__Activity__.
Exact copy, no pictures: return only the lines below from the line with "サイドのレーステープと、裾に" up to and including the line with "Tüketici Fiyat Endeksi".

__Extracted information__.

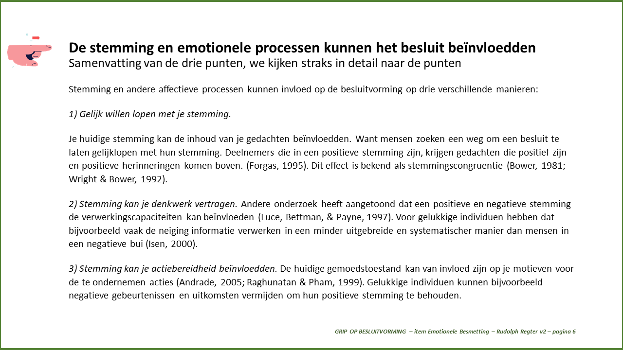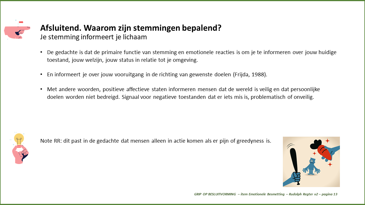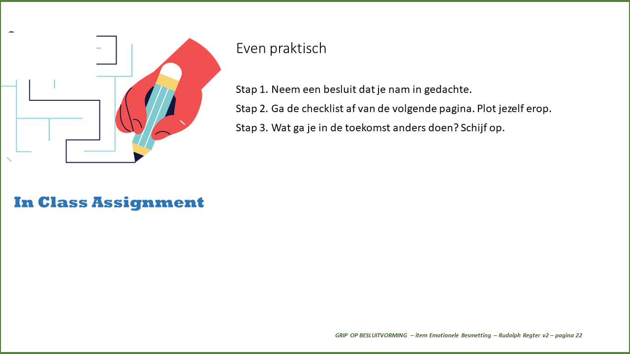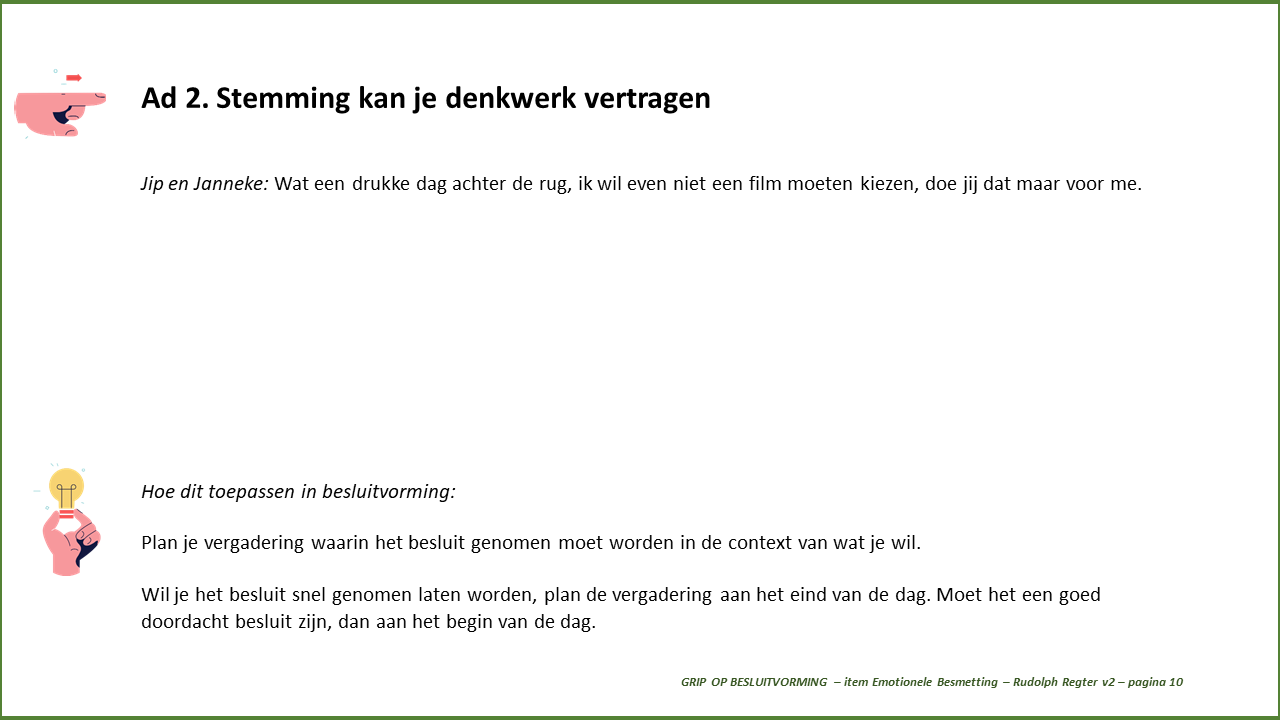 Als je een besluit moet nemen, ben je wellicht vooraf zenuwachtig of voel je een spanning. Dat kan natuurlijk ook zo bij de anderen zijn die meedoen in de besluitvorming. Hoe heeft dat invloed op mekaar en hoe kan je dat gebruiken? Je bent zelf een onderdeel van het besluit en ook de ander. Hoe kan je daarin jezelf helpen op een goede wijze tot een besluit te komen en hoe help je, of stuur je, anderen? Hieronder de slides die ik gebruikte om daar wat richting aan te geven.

...

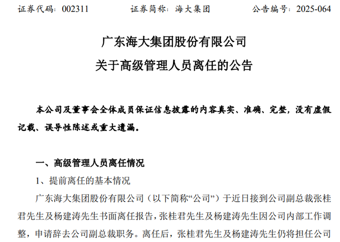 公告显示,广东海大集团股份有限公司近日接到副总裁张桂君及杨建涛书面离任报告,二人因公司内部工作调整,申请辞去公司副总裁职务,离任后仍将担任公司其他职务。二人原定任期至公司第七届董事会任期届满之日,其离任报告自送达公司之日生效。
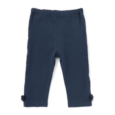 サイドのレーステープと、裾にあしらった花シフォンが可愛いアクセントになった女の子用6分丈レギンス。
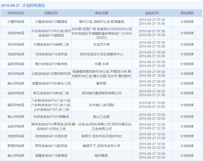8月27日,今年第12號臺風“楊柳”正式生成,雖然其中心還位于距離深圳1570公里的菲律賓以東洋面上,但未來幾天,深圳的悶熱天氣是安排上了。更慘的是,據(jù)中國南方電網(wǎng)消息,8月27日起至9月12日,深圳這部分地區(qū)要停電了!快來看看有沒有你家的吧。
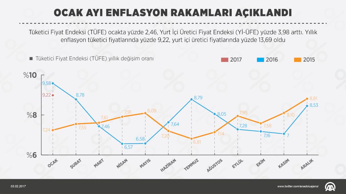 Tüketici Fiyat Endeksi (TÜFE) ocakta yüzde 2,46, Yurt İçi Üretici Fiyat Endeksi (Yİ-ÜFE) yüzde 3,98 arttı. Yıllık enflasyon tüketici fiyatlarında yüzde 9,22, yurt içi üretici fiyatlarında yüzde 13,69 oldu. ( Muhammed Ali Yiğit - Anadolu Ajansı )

__Finished exercise__.
 サイドのレーステープと、裾にあしらった花シフォンが可愛いアクセントになった女の子用6分丈レギンス。
8月27日,今年第12號臺風“楊柳”正式生成,雖然其中心還位于距離深圳1570公里的菲律賓以東洋面上,但未來幾天,深圳的悶熱天氣是安排上了。更慘的是,據(jù)中國南方電網(wǎng)消息,8月27日起至9月12日,深圳這部分地區(qū)要停電了!快來看看有沒有你家的吧。
 Tüketici Fiyat Endeksi (TÜFE) ocakta yüzde 2,46, Yurt İçi Üretici Fiyat Endeksi (Yİ-ÜFE) yüzde 3,98 arttı. Yıllık enflasyon tüketici fiyatlarında yüzde 9,22, yurt içi üretici fiyatlarında yüzde 13,69 oldu. ( Muhammed Ali Yiğit - Anadolu Ajansı )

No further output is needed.